The Great Helmet Debate Continues at Luhmühlen

Alice Naber-Lozeman was one of six riders to wear a helmet today at Luhmühlen. Photo by Jenni Autry. Alice Naber-Lozeman was one of six riders to wear a helmet today at Luhmühlen. Photo by Jenni Autry.

The times they are a-changin’. Five years ago, you’d be hard-pressed to find a single helmet on dressage day at an FEI competition. Now more and more big-name riders are strapping on their crash hats as helmet awareness grows within the sport. But there’s still a sizable disparity between helmet use in the States and here in Europe. Consider this stat from Rolex: 57 percent of riders wore helmets in dressage this year, or 35 out of 61 rides. Here at Luhmühlen, just six riders (22 percent) wore their helmets today on the first day of competition.

Boyd and Otis before their test. Photo by Jenni Autry.

Boyd Martin and Otis Barbotiere. Photo by Jenni Autry.

Boyd Martin was the first of the day to wear a helmet, which is particularly notable because it’s the first time he’s worn one at a CCI4*, and I imagine it meant a lot to Silva that he took #mindyourmelon to heart today. French rider Rodolphe Scherer wore a helmet next, followed by Millie Dumas of Great Britain, Natalie Blundell of Australia, Alice Naber-Lozeman of the Netherlands and Malin Petersen of Sweden. Malin’s decision especially stood out considering her mount, Sofarsogood, a rather feisty Irish Sport Horse mare, melted down toward the end of the test and looked ready to head for the hills as they tried to exit the stadium.

Natalie Blundell and Algebra

Natalie Blundell and Algebra. Photo by Jenni Autry.

That’s six riders out of 27 who chose to forgo a top hat, less than half of the final percentage of riders who opted to protect their noggin at Rolex. Of course, that number could rise tomorrow — and for the sake of the #mindyourmelon movement, I’m curious to see if it does — but the stark disparity between helmet use at North America’s biggest event and a very prominent event in Europe, which also serves as the German Eventing Championships, highlights the simple fact that the tradition of the top hat is much more firmly ingrained across the pond.

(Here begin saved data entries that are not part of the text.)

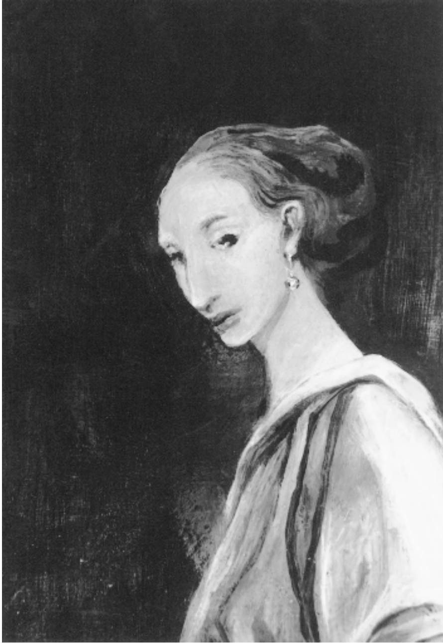
La Caduta di Lucifero: « Laurie Walker ». Peinture à l'huile sur toile, 110 x 80 cm, 1994.
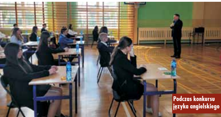
Podczas konkursu języka angielskiego
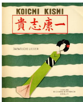
貴志康一制作の楽譜

◎ 入場券 (全指定席): S 席 7000円, A 席 5000円 ◎チケット発売日: 2025 年1月11日(土) ・二期会チケットセンター: 03-3796-1831 (平日 10:00~18:00 / 土曜 10:00~15:00 / 日・祝休業) ・サントリーホールチケットセンター: 0570-55-0017 (10:00~18:00 / 休館日・年末年始を除く) ・チケットぴあ(Pコード 282-858) / https://t.pia.jp
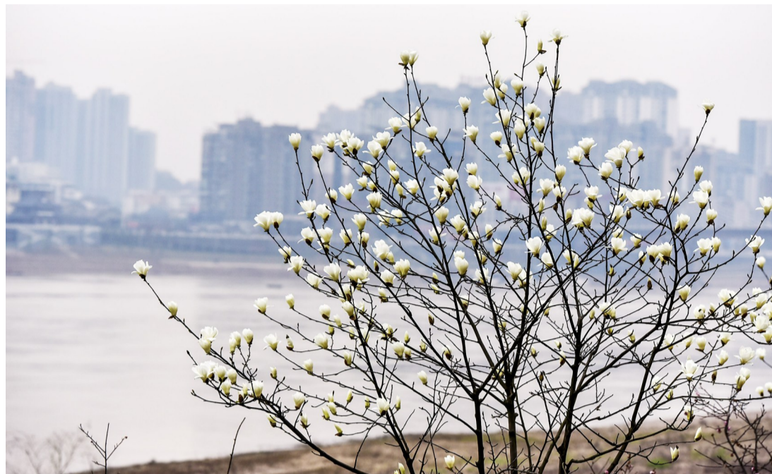
▲近日,河西风光带株洲大桥,玉兰花开

● 每日金句 人一辈子都在高潮和低潮中浮沉,唯有庸碌的人,生活才如死水一般。——傅雷
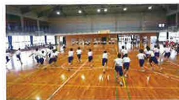
中学部レク(Qリンピック)
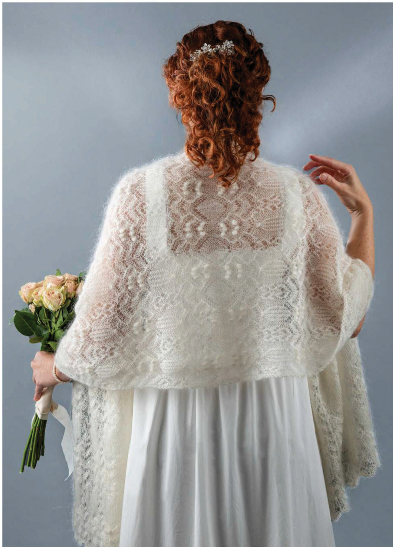
Профессиональная разработка Ширли Паден, сочетающая в себе передвижные и кружевные стежки, выполненные из белоснежной мохеровой и шелковой пряжи, превращает шаль в нечто, достойное героини.
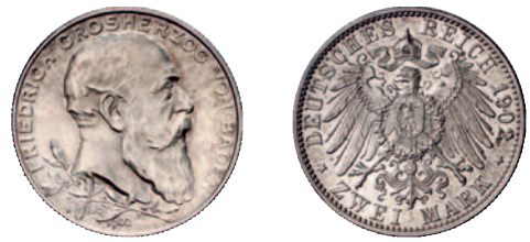
Jaeger 29 30 2 Mark 1902. Regierungsjubiläum. Vorzüglich 25,--
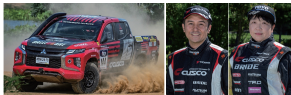
三菱トライトン (イメージ) 番場 彬 / 藤田 めぐみ
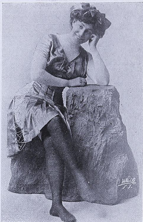
Venus.—La Roca de las Edades.
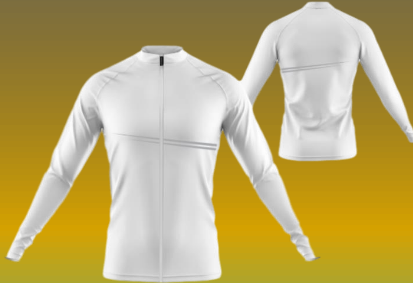
Trainingsjacke mit oder ohne Kapuze
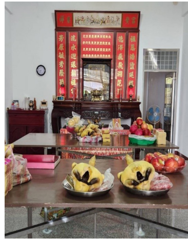
圖 4 鹿場鄒氏家族 2023 年中秋拜阿公婆。

選地遷建，舊公廳在民國 96 年（2007）4 月被夷為平地之後、最後落腳竹北中興里，外觀是現代化的一樓建築（參閱圖 3、圖 4）。
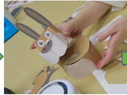
顔パーツと胴体パーツを 貼り付けます
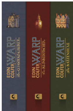
WARP - Die komplette Trilogie
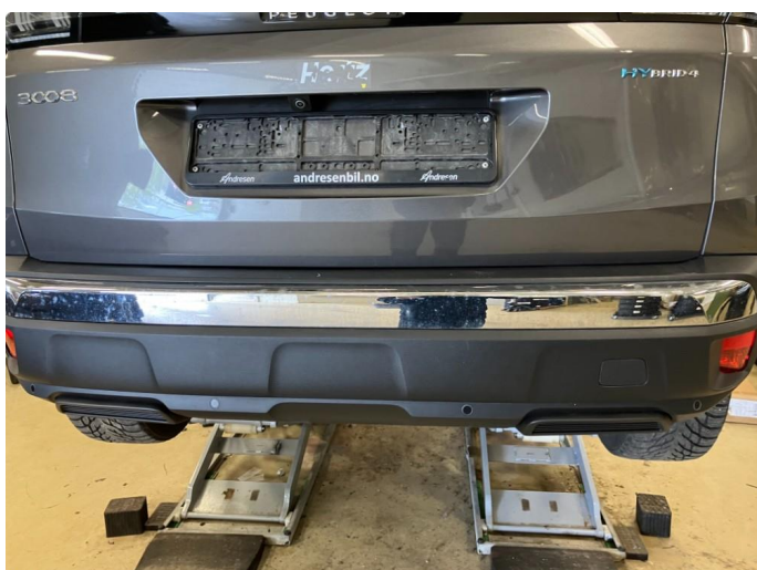
1.2 Skal inn på verksted for kontroll/utbedring 31.05
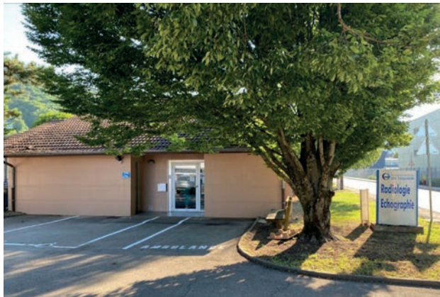
Actuellement le centre de radiologie

Pour accueillir ces nouveaux équipements, une extension du cabinet de radiologie actuel, situé rue Ernest Nicolas, est prévue. La municipalité a facilité ce projet en permettant l'acquisition d'un terrain attenant, destiné à la création d'un parking, afin
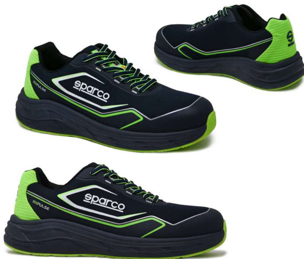
WILLEN ESD S1PS SR FO HRO 07545tgBMVF
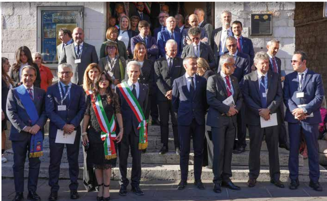
Le autorità valdostane.
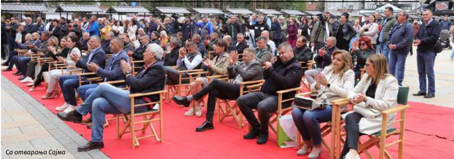
Са отварања Сајма

НА ЗЛАТИБОРУ ОДРЖАН ПРВИ МЕЂУНАРОДНИ САЈАМ ПОЉОПРИВРЕДЕ И РУРАЛНОГ ТУРИЗМА
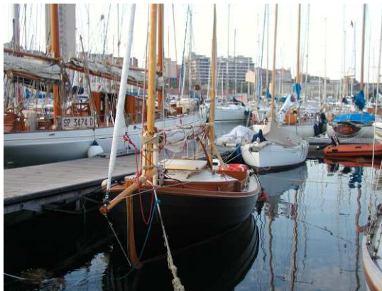
Kitty Hawk all'ormeggio
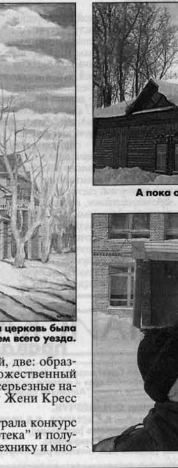
А пока она разместились в этом старом доме.
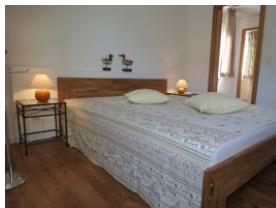
neues, geschmackvolles Schlafzimmer im 1. OG mit Doppelbett, ...
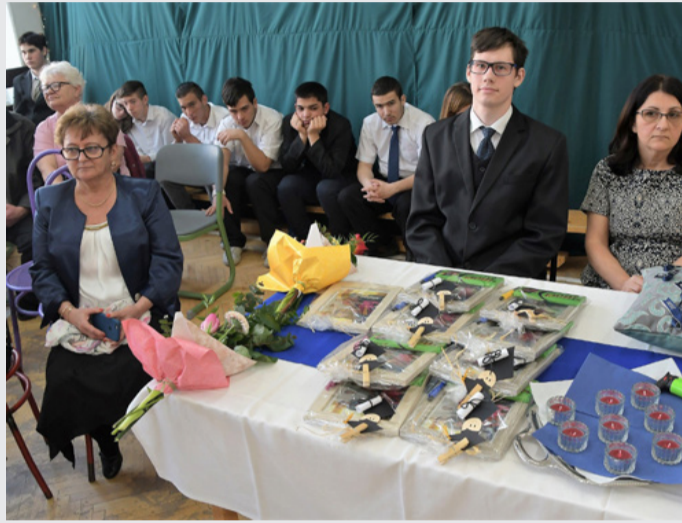
Az előkészített „relikviák”
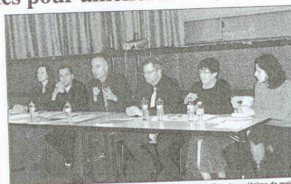
Les responsables de la CCVM et d'URBAM Conseil ont invité les élus et secrétaires de mairie à relayer l'information auprès de la population.

Il en sera de même pour les conseils (gratuits) prodigués par les techniciens spécialisés d'URBAM CONSEIL qui se tiendront à disposition du public pour informer dans le détail de la nature des travaux, des conditions d'obtention, des financements éventuels complémentaires ou aides fiscales.
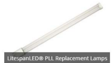
LitespanLED® PLL Replacement Lamps
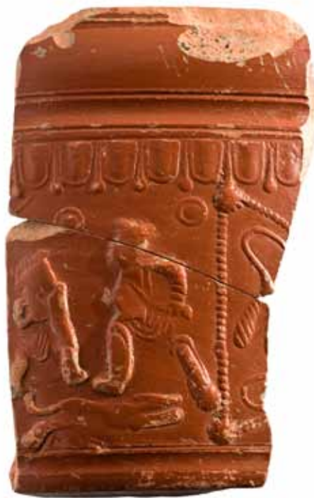
SIGILLATA SUDGÁLICA DECORADA CONXUNTO ARQUEOLÓXICO-NATURAL DE SANTOMÉ

Malin Petersen and Sofarsogood. Photo by Jenni Autry.

Malin Petersen and Sofarsogood. Photo by Jenni Autry.

Change happens over time. Indeed, look at how far the helmet awareness movement has come since Allison Springer first ditched her top hat at Rolex back in 2010, the only rider to do so in the entire competition. Four years later, big names like Mary King are following suit at events like Badminton, and Boyd also took the helmet plunge today. The decision to wear a helmet remains a personal choice, and while EN has always remained a strong advocate of the “every ride, every time” philosophy, we won’t lambast riders who choose to carry on the top hat tradition.

Millie Dumas and Action Packed. Photo by Jenni Autry.

Millie Dumas and Action Packed. Photo by Jenni Autry.

Instead, we’ll celebrate those who choose otherwise, especially at a major event like Luhmühlen. To Boyd, Rodolphe, Millie, Natalie, Alice and Malin: Thank you for setting a good example for other riders. Your decision to buck the trend might one day encourage others to do the same. Until then, #mindyourmelon, and Go Eventing.